The ‘Evil Eye’ belief in the Gaelic provinces of Ireland, Scotland and the Isle of Man remained important until the late 19th century. It evolved (perhaps as a result of widespread ‘witchcraft’ paranoias of the 16th-18th centuries) to engender two forms: The first (and oldest) belief was that it was a passive force derived from latent human foibles of jealousy (innate sinfulness). The more sinister form of the belief was that which believed the ‘Bad Eye’ to be the actual mode of witchcraft by which magical/spiritual harm could be done by a marginal and jealous socially-disempowered person. In Gaelic areas, there are as many records of belief in the possible abduction of vital forces by fairies as there were by supposed ‘witches’ or even by jealous neighbours. This may be a main reason why there were so few reports of judicial or popular murder of people for ‘witchcraft’ or ‘sorcery’: The alleged ‘perpetrators’ were generally not believed prosecutable in court on account of their lack of corporeality, and/or could not be ascribed the criminal concept of mens rea.

The Gaelic ‘Evil Eye’ belief manifested to observers between the 16th and 20th centuries as the apparent desire by people to offer a blessing on any thing which they had expressed admiration of.
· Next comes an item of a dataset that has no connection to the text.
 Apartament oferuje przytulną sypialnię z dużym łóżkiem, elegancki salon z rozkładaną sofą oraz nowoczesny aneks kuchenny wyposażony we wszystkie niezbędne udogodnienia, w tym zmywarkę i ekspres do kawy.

People feared that they might passively or unintentionally cause harm. They also obviously feared that their admiration might invite blame if something went wrong. The fact that people who own something that invites envy are prone to that other ‘spiritual sin’ of pride compounds the social aspects of the belief. Ontologically, the message is ‘pride comes before a fall’, or before a loss. The proud are envied, and the envy is ultimately a force which opposes them. Morally, this suggests that modest-living and modest-speaking is the ideal which invites the least trouble in life… This ideal was to become an important cultural shibboleth of many old Atlantic European subsistence cultures, now fallen victim to certain malign aspects of modernity.

 

The ‘Evil Eye’ and the Atlantic world

In earlier posts I commented on how the ‘Evil Eye’ beliefs of the ancient Gaelic world were linked to belief in a poisonous force that could affect health, wealth and the outcomes of situations.
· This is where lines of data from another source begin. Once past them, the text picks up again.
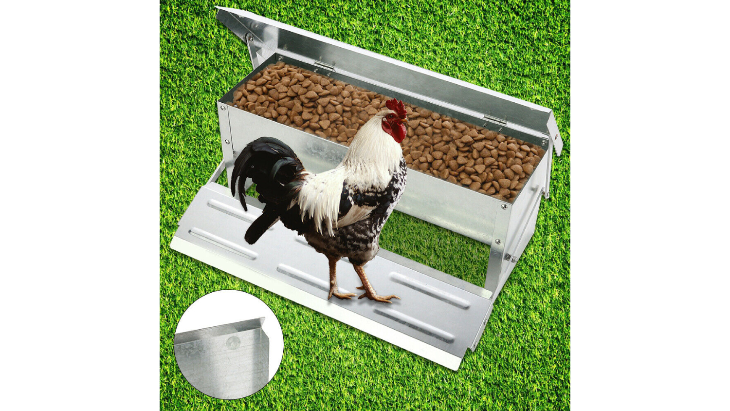 Keep your feathered friends happy and healthy with the TSB Living Galvanized Chicken Feeder! Made from durable, rust-resistant metal, this automatic feeder ensures your flock can have their meal anytime. It features a weight-operated lid that opens when a minimum of 500 grams is on the platform.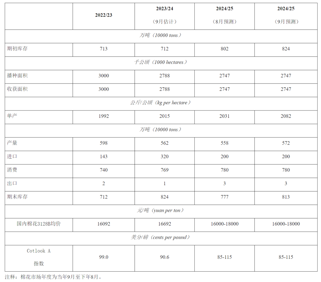 今年全国棉区综合气象条件适宜,病虫害轻度发生,棉花长势总体好于上年,预期单产增加,本月将2024/25年度产量调增至572万吨,较上年度增1.8%。当前部分地区新棉零星上市,开秤价低于去年,预计新疆集中上市时间提前至9月末,随着棉纺市场传统旺季临近,棉花需求有望回升。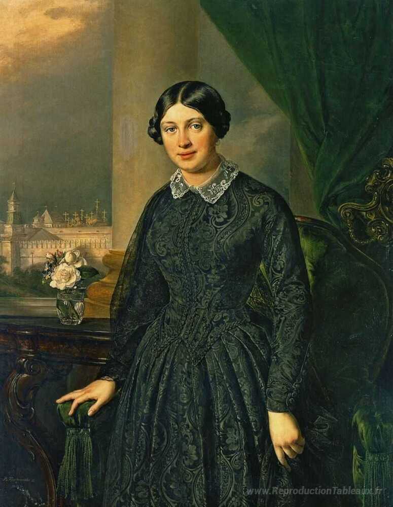 Nous vous proposons une reproduction artisanale sur toile du célèbre tableau 'Portrait de Levitskaya Volkonskaya' de Vasily Tropinin, provenant du Musée de la Reproduction.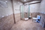 песчаный, песчано-галечный, бетонный. Пляж разделен на зоны, каждая из которых предназначена для разного вида отдыха. Покрытие из мелкой гальки обеспечивает пологий вход в море. Пляж оснащен спасательными пунктами, медицинским кабинетом, лежаками, теневыми навесами, душем с пресной водой, раздевалкой, кафе» -спортивные площадки -тренажерный зал - зона барбекю с мангалом - столовая - кафе "Терраса" - кафе "Эйва в Изумруде"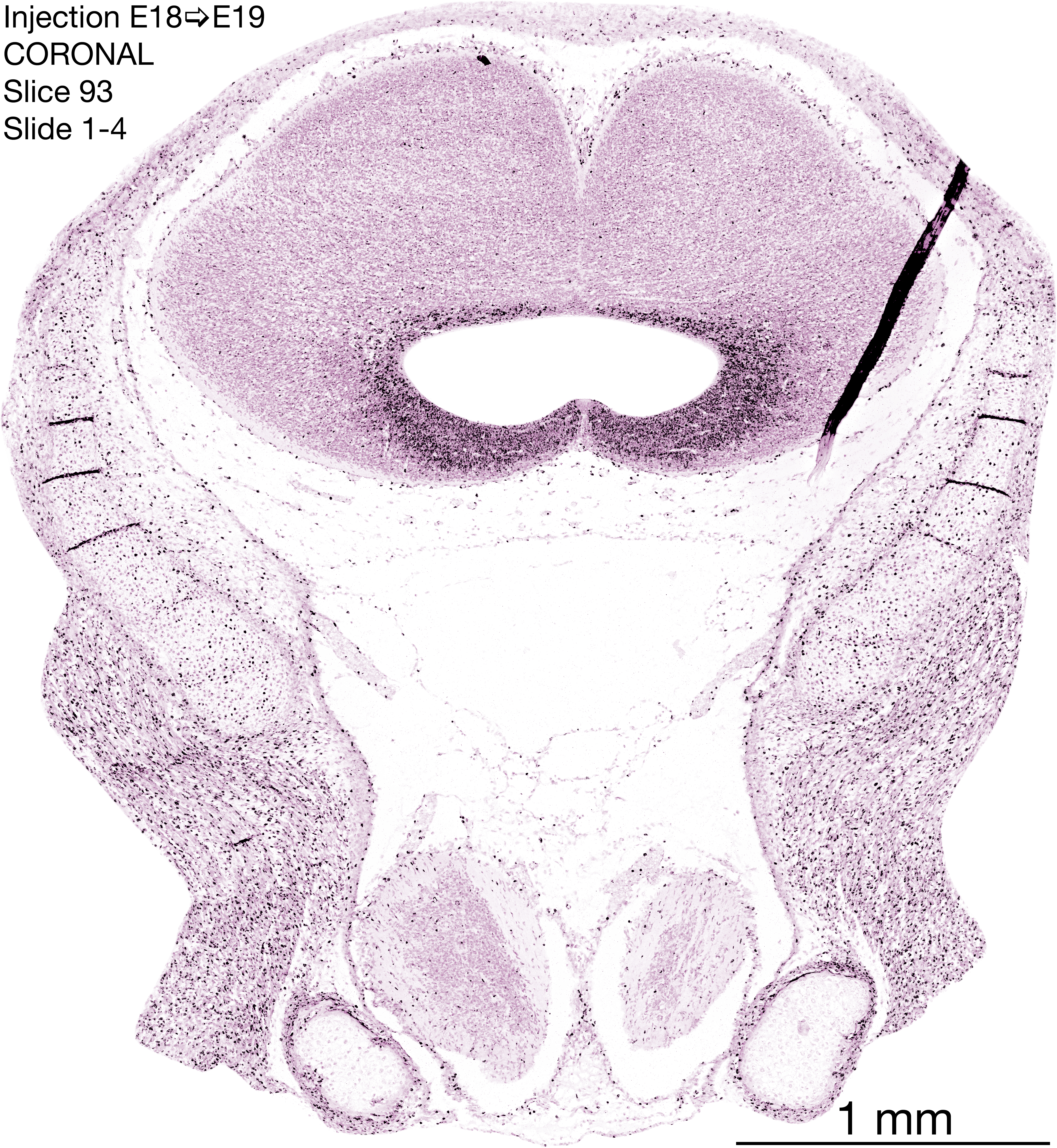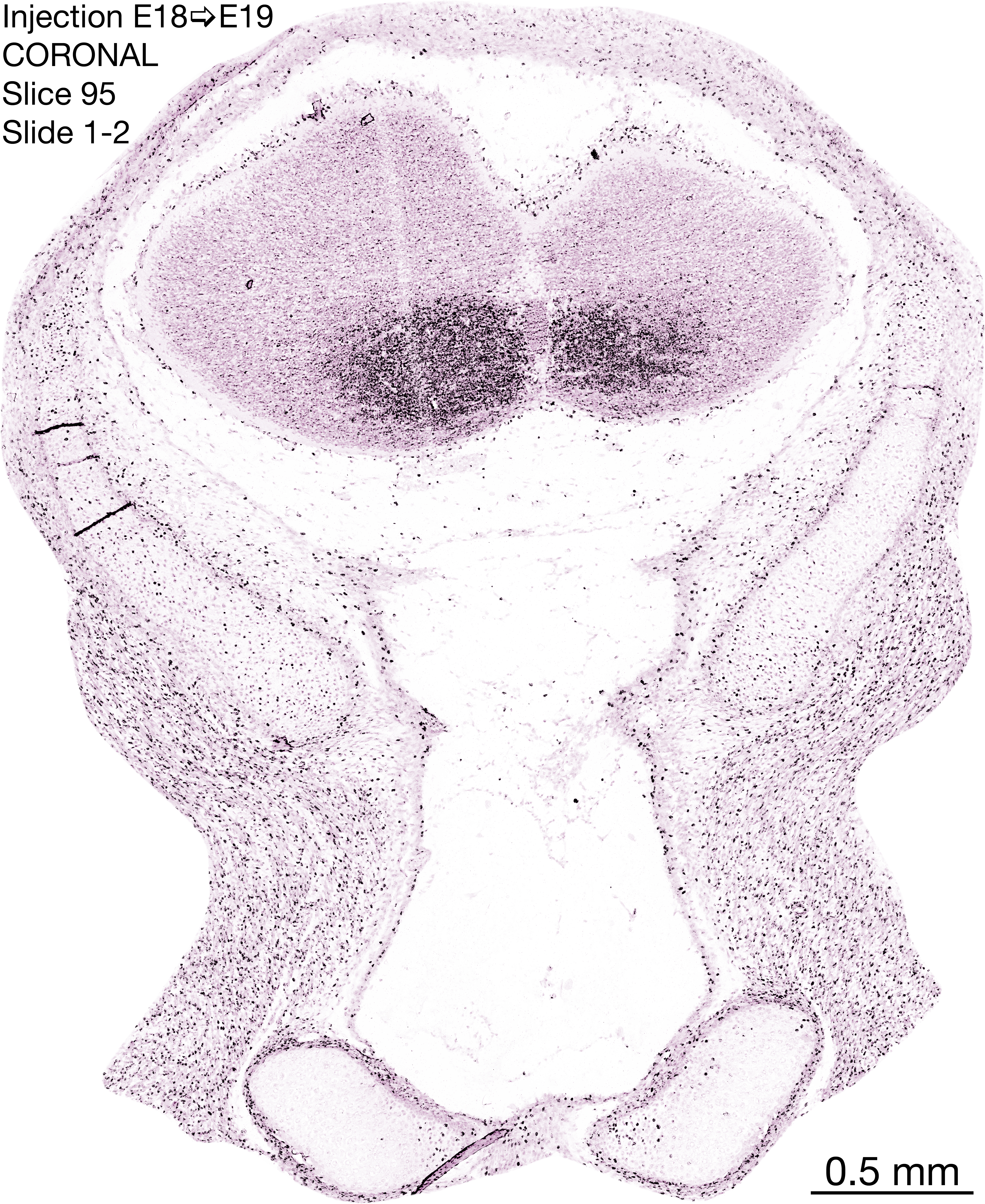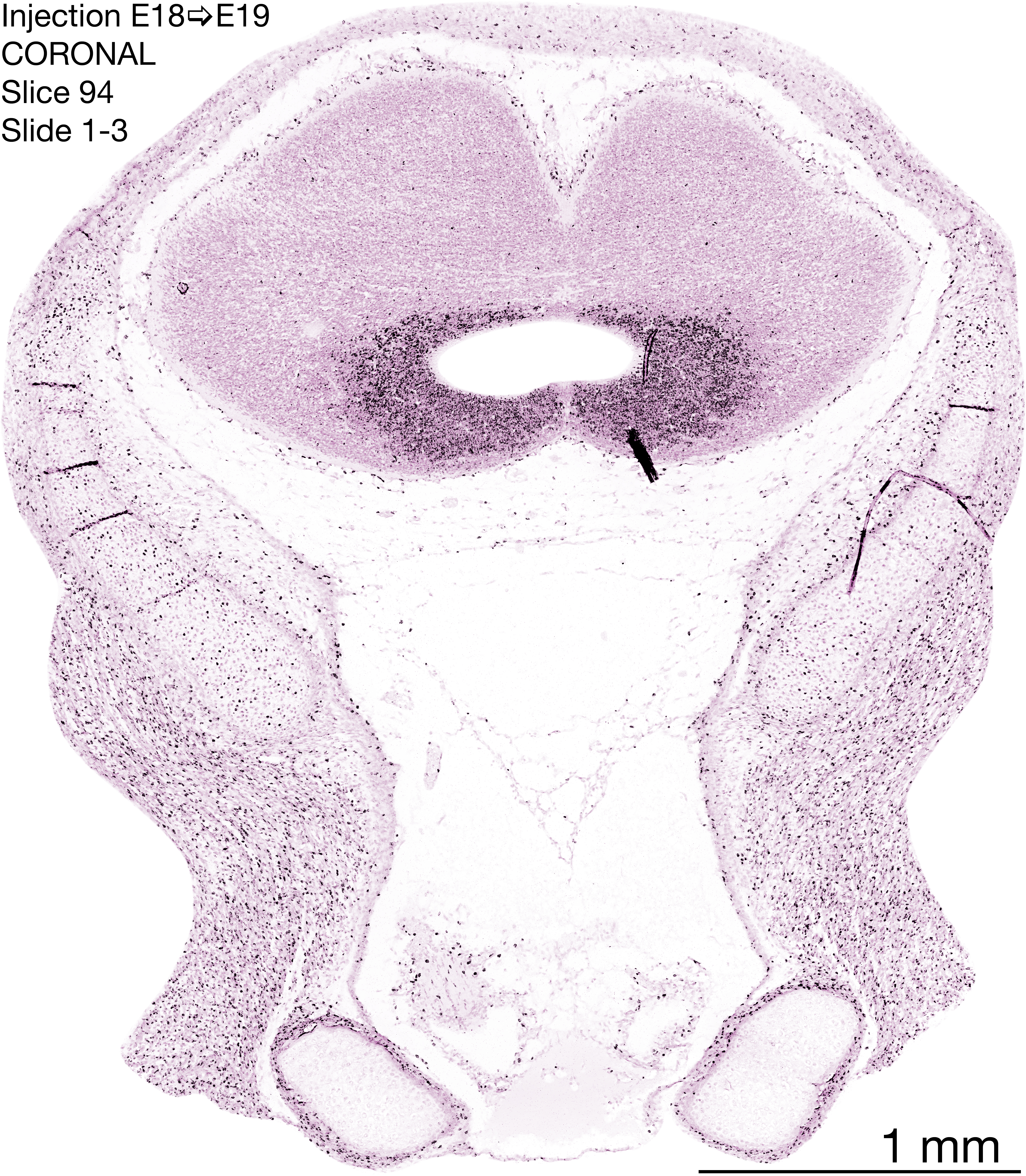 The following images are from a coronally-sectioned head of an E19 rat embryo exposed to tritiated thymidine on E18–24 hr survival. Note the heavily-labeled cells just outside the germinal zones are now mainly in the medial diencephalon and throughout the forebrain. These are postmitotic young neurons generated ON E18. Note that the banded labeling is still prominent outside the neocortical neuroepithelium. Most germinal zones in the brainstem are primitive ependyma, and the entire brainstem is appears nearly as mature as in the adult; scattered heavily labeled cells are most likely proliferating glia. The cerebellum stands out as an immature structure in the hindbrain.

The English word ‘Envy’ comes from the introduced Norman-French term ‘En Vie’ which has the literal English meaning ‘In View’. It therefore is a term loaded with the feelings and consequences derived from looking upon things, particularly those that are outside of our possession or influence. The Latin original of ‘En Vie’ – ‘In Vidia’ – gives us the word ‘invidious‘, generally agreed to mean ‘malign jealousy’. These terms represent the main idea underpinning the principle of both ‘witchcraft’ and ‘fairies’ in the folklore of Atlantic northwest Europe:

Fairies were ‘jealous’ of our world and sought to strike a balance with their ‘inverted’ otherworld by stealing away the spiritual substance of what they envied for themselves. ‘Witches’ were jealous humans who sought to do the same – both were seen as active forces taking part in a balancing interplay of force between the mundane world and the otherworld. To the Gael, the ‘Evil Eye’ was more than just a criminal act – it was a fact of nature and part of a scientific worldview that described the apportioning of forces in the universe. In the non-Gaelic Christian world, people were consequently treated in criminal courts and (between the late-medieval and early modern periods) routinely judicially-murdered for being ‘witches’. In the Gaelic/Atlantic world – except in zones of frictional interface (particularly lowland Scotland and the Basque country) – there were comparatively few, if any, ‘witch hunts’.